◆ **PROBLEM DETAILS**
Two lines below mark the span: the one containing "尊敬的大法师父好!我是您弟子" and the one containing "Светодиодная лента Apeyron". Set down both, plus every line between, exactly as they stand, and nothing else.
DATA SHOWN START
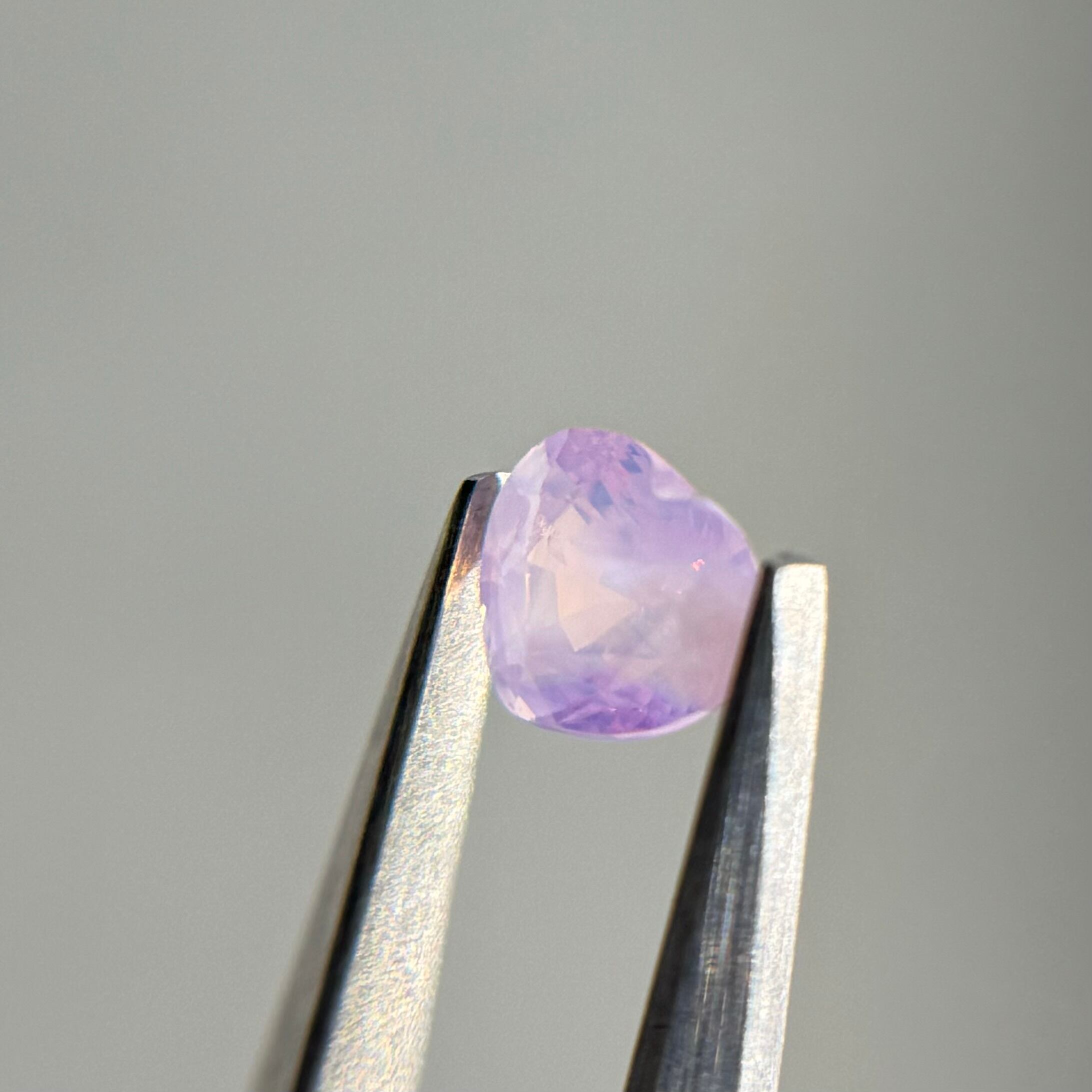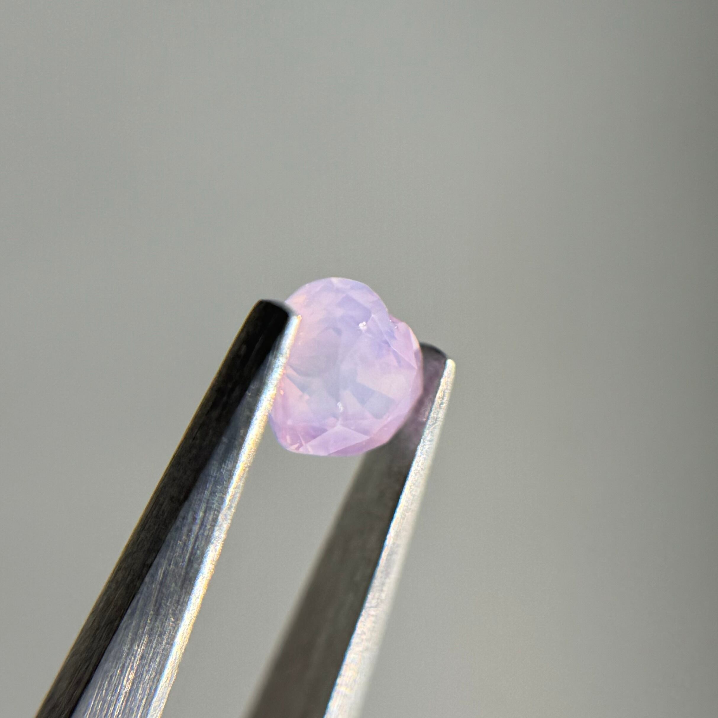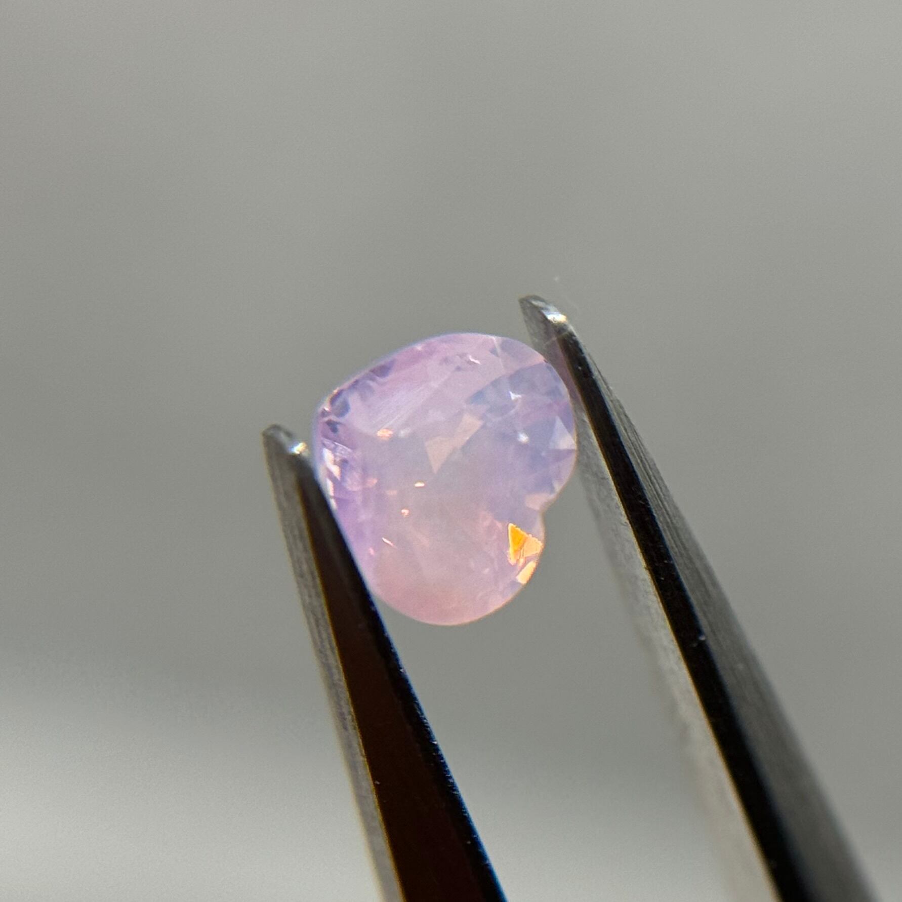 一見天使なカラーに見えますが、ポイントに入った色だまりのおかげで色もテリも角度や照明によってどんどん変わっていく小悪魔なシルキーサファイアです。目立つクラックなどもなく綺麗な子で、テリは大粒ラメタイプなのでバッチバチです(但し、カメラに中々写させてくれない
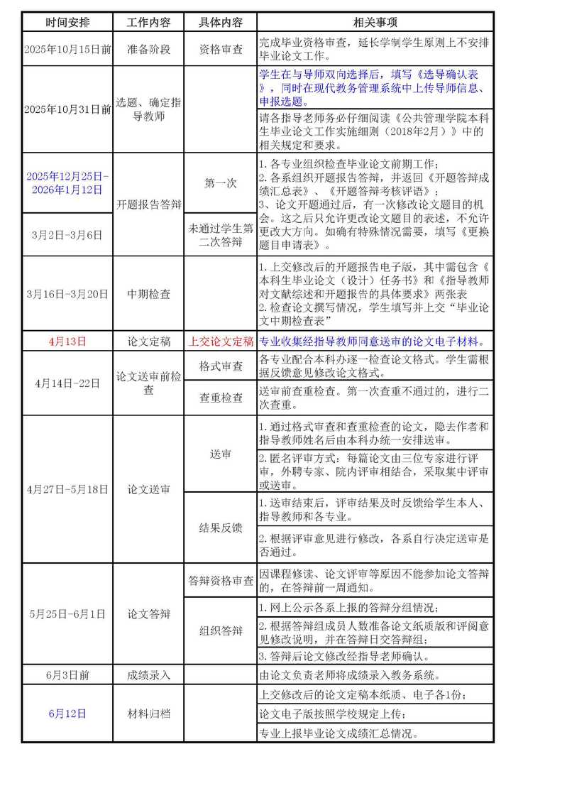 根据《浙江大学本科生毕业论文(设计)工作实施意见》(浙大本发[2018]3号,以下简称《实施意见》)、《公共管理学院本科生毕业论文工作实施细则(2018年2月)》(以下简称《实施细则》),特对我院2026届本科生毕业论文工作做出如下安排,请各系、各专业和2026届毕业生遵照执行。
DATA SHOWN END
DATA SHOWN START
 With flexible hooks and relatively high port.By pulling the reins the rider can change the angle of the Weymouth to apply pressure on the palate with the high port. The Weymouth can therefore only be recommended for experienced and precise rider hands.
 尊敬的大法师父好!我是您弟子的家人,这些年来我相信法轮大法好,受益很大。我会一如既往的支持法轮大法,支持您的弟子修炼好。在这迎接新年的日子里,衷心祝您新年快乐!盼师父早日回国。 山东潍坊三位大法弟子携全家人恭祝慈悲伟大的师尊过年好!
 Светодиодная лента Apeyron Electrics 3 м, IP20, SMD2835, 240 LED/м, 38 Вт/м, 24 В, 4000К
DATA SHOWN END
DATA SHOWN START
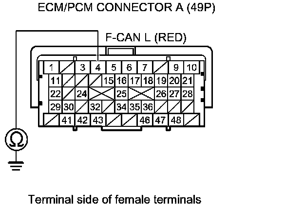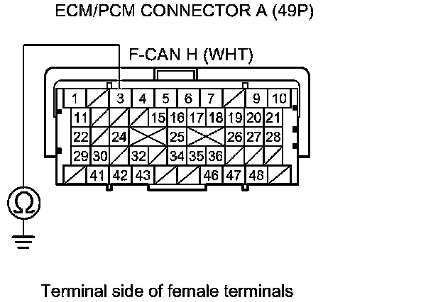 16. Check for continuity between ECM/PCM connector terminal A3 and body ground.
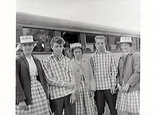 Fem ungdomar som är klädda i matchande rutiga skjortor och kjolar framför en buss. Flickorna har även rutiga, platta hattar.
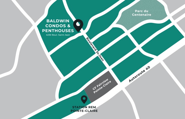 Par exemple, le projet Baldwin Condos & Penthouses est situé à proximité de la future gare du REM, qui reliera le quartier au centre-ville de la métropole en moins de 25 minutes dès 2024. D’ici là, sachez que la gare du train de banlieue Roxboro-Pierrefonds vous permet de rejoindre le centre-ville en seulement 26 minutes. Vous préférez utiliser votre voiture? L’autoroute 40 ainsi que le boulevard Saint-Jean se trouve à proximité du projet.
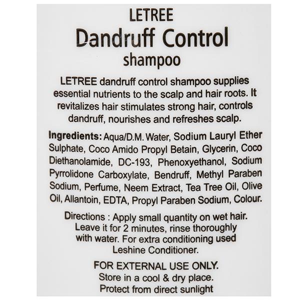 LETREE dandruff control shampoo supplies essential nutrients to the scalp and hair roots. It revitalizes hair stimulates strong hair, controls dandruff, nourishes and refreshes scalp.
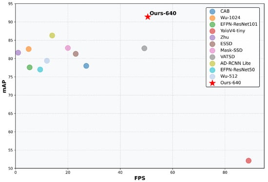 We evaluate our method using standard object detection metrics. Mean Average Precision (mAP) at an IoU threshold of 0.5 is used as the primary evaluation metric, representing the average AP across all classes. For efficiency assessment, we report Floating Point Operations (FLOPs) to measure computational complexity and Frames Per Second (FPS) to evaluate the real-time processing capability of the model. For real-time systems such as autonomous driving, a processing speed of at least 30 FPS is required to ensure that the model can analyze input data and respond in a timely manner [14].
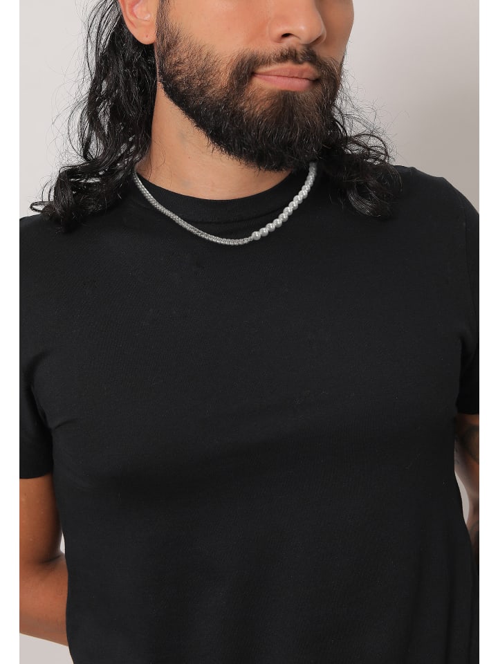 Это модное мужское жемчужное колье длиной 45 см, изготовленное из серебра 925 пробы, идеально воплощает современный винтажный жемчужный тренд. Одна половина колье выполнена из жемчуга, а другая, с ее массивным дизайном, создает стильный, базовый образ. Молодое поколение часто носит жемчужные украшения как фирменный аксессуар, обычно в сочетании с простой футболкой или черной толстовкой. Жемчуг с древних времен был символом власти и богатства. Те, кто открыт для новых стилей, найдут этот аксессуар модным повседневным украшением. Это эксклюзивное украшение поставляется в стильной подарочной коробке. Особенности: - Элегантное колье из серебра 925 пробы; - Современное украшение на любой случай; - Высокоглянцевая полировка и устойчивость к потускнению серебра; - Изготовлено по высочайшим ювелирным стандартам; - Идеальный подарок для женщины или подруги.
DATA SHOWN END
◆ **REPLY**
 尊敬的大法师父好!我是您弟子的家人,这些年来我相信法轮大法好,受益很大。我会一如既往的支持法轮大法,支持您的弟子修炼好。在这迎接新年的日子里,衷心祝您新年快乐!盼师父早日回国。 山东潍坊三位大法弟子携全家人恭祝慈悲伟大的师尊过年好!
 Светодиодная лента Apeyron Electrics 3 м, IP20, SMD2835, 240 LED/м, 38 Вт/м, 24 В, 4000К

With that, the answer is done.